▶ Goal of the exercise:
For this task, copy all of the data below exactly and skip the pictures.

== Raw data ==

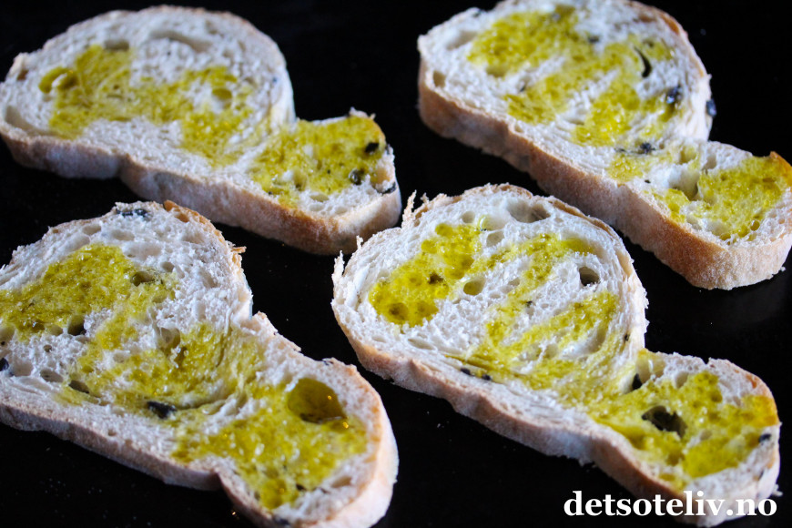 Legg brødskivene på en stekeplate og drypp over god olivenolje.
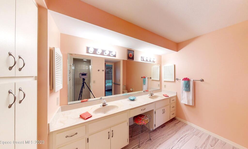 One-Of-A-Kind 3 Bedroom/3 Bath Condo In Highly Desirable Greenwood Village. Two (2) Master Bedroom Suites, Wood Plank-Look Ceramic Tile Throughout, Except Carpeted In Bedrooms. Updated Kitchen With Quartz Countertops/Newer Appliances. One New Complete AC System. Interior Laundry Room With Full Size Washer/Dryer. Two Large Screened Porches Backing To Green Space/Pool, Etc. PRIVATE TWO (2) CAR GARAGE PLUS TWO (2) ASSIGNED PARKING SPACES! Complex Features: GATED ENTRANCE, HEATED POOL, HOT TUB, SAUNA/STEAM ROOMS, EXERCISE ROOM, TENNIS COURTS, LIBRARY, PARTY ROOM & MORE. CABLE TV/DVR/INTERNET INCLUDED IN CONDO FEE! Location Affords Convenient Access To I-95, Shopping, Melb-Orlando Int'l Airport, Major Employment Centers, Indian River and Beaches. Full Furnishings (Many Antiques) Available!
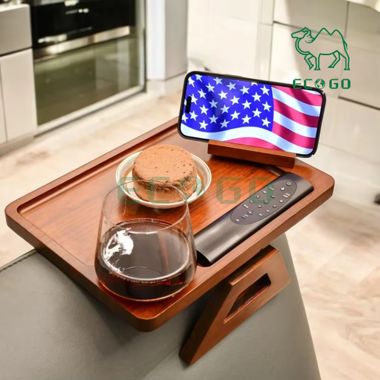 ที่วางแขนบนโซฟาทำจากไม้ไผ่พร้อมถาดพับได้สำหรับใช้ในบ้าน
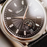 Michel Parmigiani designed the movement in conjunction with Chopard taking three years to develop. The movement is awash with black polishing from its swan neck regulator to each screw head. The anglage on each bridge, alongside the engraved and signed platinum micro-rotor, glows effortlessly and plays with light and shadow.

===

▶ Result of the exercise:
 Legg brødskivene på en stekeplate og drypp over god olivenolje.
 One-Of-A-Kind 3 Bedroom/3 Bath Condo In Highly Desirable Greenwood Village. Two (2) Master Bedroom Suites, Wood Plank-Look Ceramic Tile Throughout, Except Carpeted In Bedrooms. Updated Kitchen With Quartz Countertops/Newer Appliances. One New Complete AC System. Interior Laundry Room With Full Size Washer/Dryer. Two Large Screened Porches Backing To Green Space/Pool, Etc. PRIVATE TWO (2) CAR GARAGE PLUS TWO (2) ASSIGNED PARKING SPACES! Complex Features: GATED ENTRANCE, HEATED POOL, HOT TUB, SAUNA/STEAM ROOMS, EXERCISE ROOM, TENNIS COURTS, LIBRARY, PARTY ROOM & MORE. CABLE TV/DVR/INTERNET INCLUDED IN CONDO FEE! Location Affords Convenient Access To I-95, Shopping, Melb-Orlando Int'l Airport, Major Employment Centers, Indian River and Beaches. Full Furnishings (Many Antiques) Available!
 ที่วางแขนบนโซฟาทำจากไม้ไผ่พร้อมถาดพับได้สำหรับใช้ในบ้าน
 Michel Parmigiani designed the movement in conjunction with Chopard taking three years to develop. The movement is awash with black polishing from its swan neck regulator to each screw head. The anglage on each bridge, alongside the engraved and signed platinum micro-rotor, glows effortlessly and plays with light and shadow.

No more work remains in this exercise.